> _GIVEN DATA_:
►

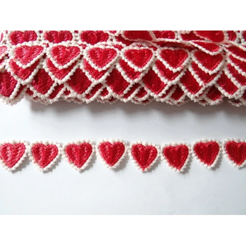 дантела за декорация - сърца , червени
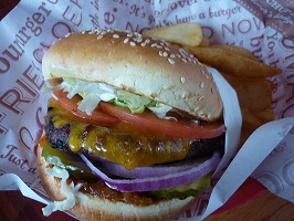 Debbie と一緒に近くのショッピングモールに行きました。駐車場に到着すると Nicole と四女のHaley が来ていて、4人で買い物をしました。アメリカの服はすごく安くて、1枚10ドルという服もありました。アメリカ人は現金をあまり持たないらしく、3人ともカードで服を買っていました。お昼はハンバーガーの専門店に行きました。メニューが読めなく て、Debbie に助けてもらいました。運ばれてきたハンバーガーはとても大きく驚きました。大きすぎて、持って食べるのがやっとでした。結局、全部は食べ切れず、家に持ち帰りました。家に帰ると、Peyton が家に遊びにきていたので、おもちゃを使って一緒に遊びました。
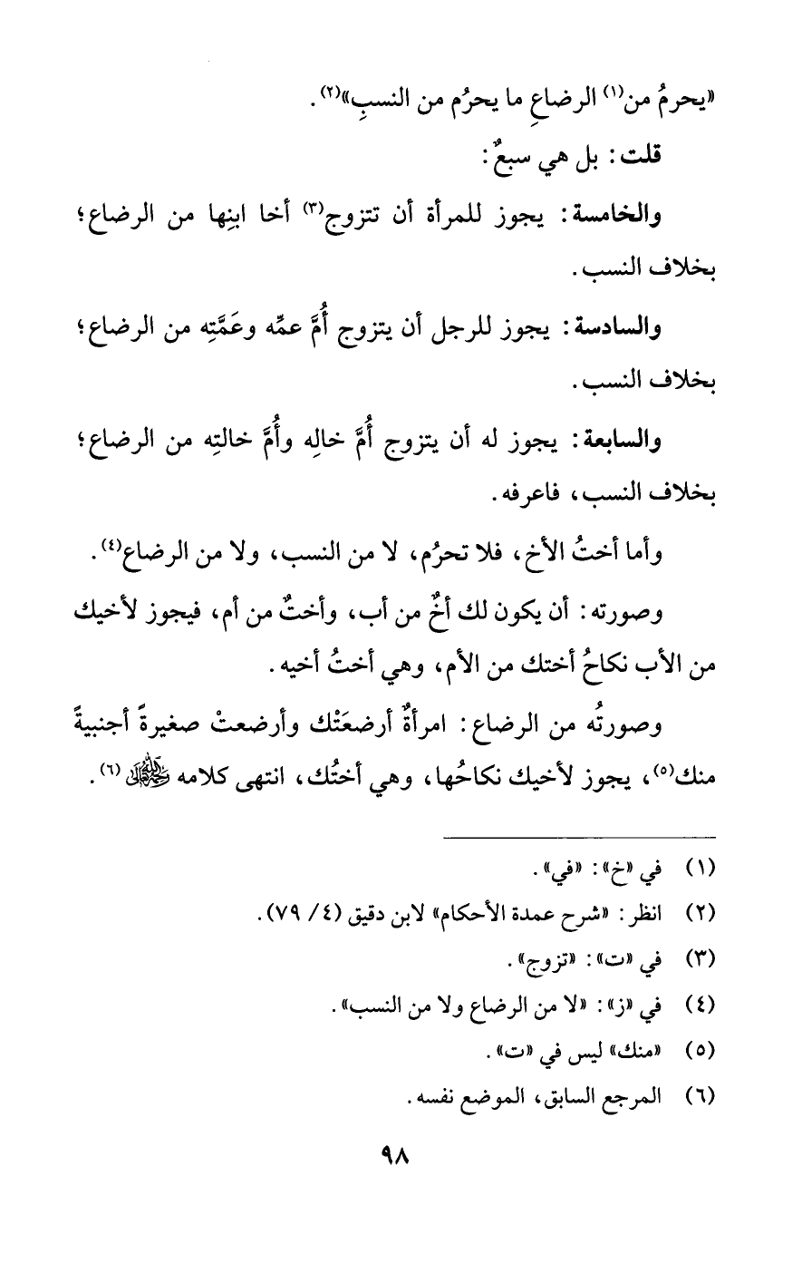 والسادسة: يجوز للرجل أن يتزوج أُمَّ عمِّه وعَمَّتِه من الرضاع؛ بخلاف النسب.

◄

> _WORK INSTRUCTIONS_: Repeat the data word for word, excluding any image.

> _ANSWER BOX_:
 дантела за декорация - сърца , червени
 Debbie と一緒に近くのショッピングモールに行きました。駐車場に到着すると Nicole と四女のHaley が来ていて、4人で買い物をしました。アメリカの服はすごく安くて、1枚10ドルという服もありました。アメリカ人は現金をあまり持たないらしく、3人ともカードで服を買っていました。お昼はハンバーガーの専門店に行きました。メニューが読めなく て、Debbie に助けてもらいました。運ばれてきたハンバーガーはとても大きく驚きました。大きすぎて、持って食べるのがやっとでした。結局、全部は食べ切れず、家に持ち帰りました。家に帰ると、Peyton が家に遊びにきていたので、おもちゃを使って一緒に遊びました。
 والسادسة: يجوز للرجل أن يتزوج أُمَّ عمِّه وعَمَّتِه من الرضاع؛ بخلاف النسب.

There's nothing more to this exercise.